Hi All,
I'm relatively new to postgres after inheriting this server from a
previous admin so please bear with me if these are obvious
questions.
My scenario:
- Last weekend I had a scheduled maintenance window for
power/air conditioning work.
- Prior to this outage the server was running fine.
- All servers were shutdown cleanly prior to the outage. As far
as I can tell.
- My postgre service failed to come back after the outage.

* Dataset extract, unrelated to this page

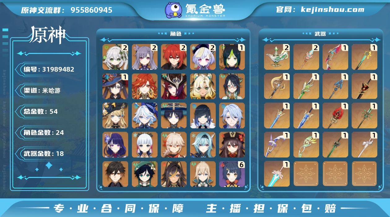 邮箱: 未绑定 总黄数: 54 冒险等级: 60 2命金色角色: 二命迪卢克,二命七七,二命刻晴,二命纳西妲 1命金色角色: 一命莫娜,一命提纳里 0命金色角色: 温迪,枫原万叶,优菈,神里绫华,钟离,琴,胡桃,雷电将军,神里绫人,夜兰,流浪者,迪希雅,芙宁娜,娜维娅,闲云,希诺宁,恰斯卡,玛薇卡 拥有武器: 和璞鸢,阿莫斯之弓,天空之傲,风鹰剑,天空之脊,磐岩结绿,护摩之杖,松籁响起之时,苍古自由之誓,息灾,赤角石溃杵,猎人之径,千夜浮梦,裁叶萃光,裁断,岩峰巡歌,星鹫赤羽 2精武器: 天空之脊,千夜浮梦 1精武器: 和璞鸢,阿莫斯之弓,天空之傲,风鹰剑,磐岩结绿,护摩之杖,松籁响起之时,苍古自由之誓,赤角石溃杵,息灾,猎人之径,裁叶萃光,裁断,岩峰巡歌,星鹫赤羽

- I have no logs to indicate an error.
- I'm running:
- postgresql-server 9.2.13
- CentOS 6.6
- I have backups and a development machine that I can roll to in
the short term but I'd really like to get this sorted out.
The list of what I've tried so far is:
- Disk space on the data partition
- Start in single user mode in the foreground
- Start in multi user mode in the foreground
Details of these are outlined below.
Disk Space
Google seems to suggest that the main suspect in this area is disk
space. df suggests that this is not the case:
df -hl /var/lib/pgsql/
Filesystem Size Used Avail Use% Mounted on
/dev/sdc1 917G 519G 353G 60% /var/lib/pgsql
There are, however, some quite large tables and indices so I
can't definitively rule this out.
Single User Mode
I can start the server in single user mode
-bash-4.1$ /usr/pgsql-9.2/bin/postmaster --single -p 5432 -D
/var/lib/pgsql/9.2/data -d 5
DEBUG: invoking IpcMemoryCreate(size=6612303872)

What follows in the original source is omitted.